[Python-ideas] Add a datatype collections.ListView
David Mertz
mertz at gnosis.cx
Thu Apr 17 17:49:45 CEST 2014
Following Brandon Rhodes very nice PyCon 2014 talk on datatypes, I was
struck by increased guilt over a program I am developing. I spoke with him
in the hallway about a good approach to improving performance while keeping
code nice looking.
The basic idea in my program is that I have a large(ish) list of tokens
that I generate in parsing a special language, and I frequently take slices
from this list--and often enough, slices out of those slices. In some
cases, the most straightforward approach in code is a slice-to-end, e.g.:
start = find_thing(tokens)
construct_in = tokens[start:]
Obviously, this winds up doing a lot of copying (of object references, not
of actual data, but still). Often the above step is followed by something
like:
end = find_end(construct_in)
construct = construct_in[:end]
This second step isn't bad in my case since the actual construct will be
dozens of tokens, not thousands or millions, and once I find it I want to
keep it around and process it further.
I realize, of course, that I could program my 'find_end()' differently so
that it took a signature more like 'find_end(tokens, start=start)'. But
with recursion and some other things I do, this becomes inelegant.
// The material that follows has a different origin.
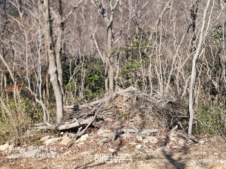 ![]() 임도 개설 후 방치된 잡목 / 사진제공=해남뉴스 |
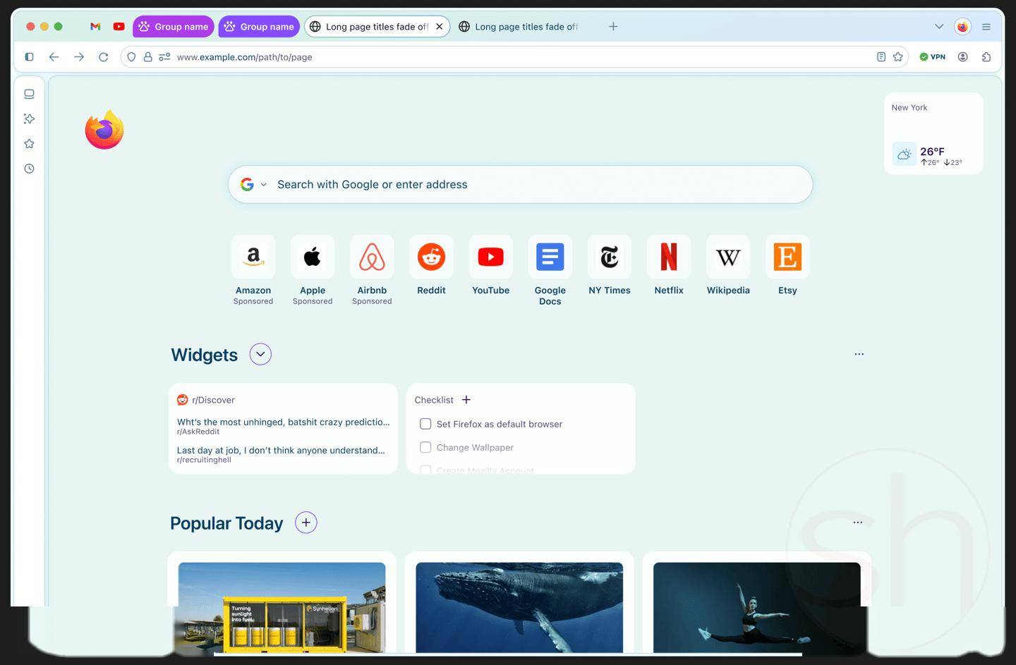 例如,当用户在电脑上选用薄荷绿色的桌面背景后,Firefox 顶部的导航栏会自动提取颜色,并无缝切换至相同的薄荷绿色调,从而为用户提供高度统一的沉浸式视觉体验。

What I'd really like is a "ListView" that acts something like NumPy's
non-copying slices. However numpy, of course, only deals with arrays and
matrices of uniform numeric types. I want a non-copying "slice" of a list
of generic Python objects. Moreover, I believe that such a type is useful
enough to be worth including in the collections module generally.
As an initial implementation, I created the below. In the module
self-tests, the performance increase is about 100x, but the particular
ad-hoc benchmark I wrote isn't necessarily well-representative of all
use-cases.
% python3 ListView.py
A bunch of slices from list: 1.29 seconds
A bunch of slices from DummyListView: 1.19 seconds
A bunch of slices from ListView: 0.01 seconds
-------------------------------------------------------------------
### ListView.py ###
import sys
from time import time
from random import randint, random
from collections import Sequence
class DummyListView(Sequence):
def __init__(self, l):
self.list = l
def __len__(self):
return len(self.list)
def __getitem__(self, i):
return self.list[i]
class ListView(Sequence):
def __init__(self, seq, start=0, stop=None):
if hasattr(seq, '__getitem__'):
self.list = seq
else:
self.list = list(seq)
self.start = start
self.stop = len(self.list) if stop is None else stop
def __len__(self):
return self.stop - self.start
def __getitem__(self, i):
if isinstance(i, slice):
start = self.start if i.start is None else self.start+i.start
if i.stop is None:
stop = self.stop
else:
stop = self.start + i.stop
return ListView(self.list, start, stop)
else:
val = self.list[i+self.start]
if i < 0:
return val
elif not self.start <= i+self.start < self.stop:
raise IndexError("View of sequence [%d:%d], index %d" % (
self.start, self.stop, i))
return val
def __str__(self):
return "ListView of %d item list, slice [%d:%d]" % (
len(self.list), self.start, self.stop)
def __repr__(self):
return "ListView(%s)" % self.list[self.start:self.stop]
def to_list(self):
return list(self.list[self.start:self.stop])
class Thing(object):
def __init__(self, x):
self.x = x
def __repr__(self):
return "Thing(%f)" % self.x
if __name__ == '__main__':
NUM = 100000
things = [Thing(random()) for _ in range(NUM)]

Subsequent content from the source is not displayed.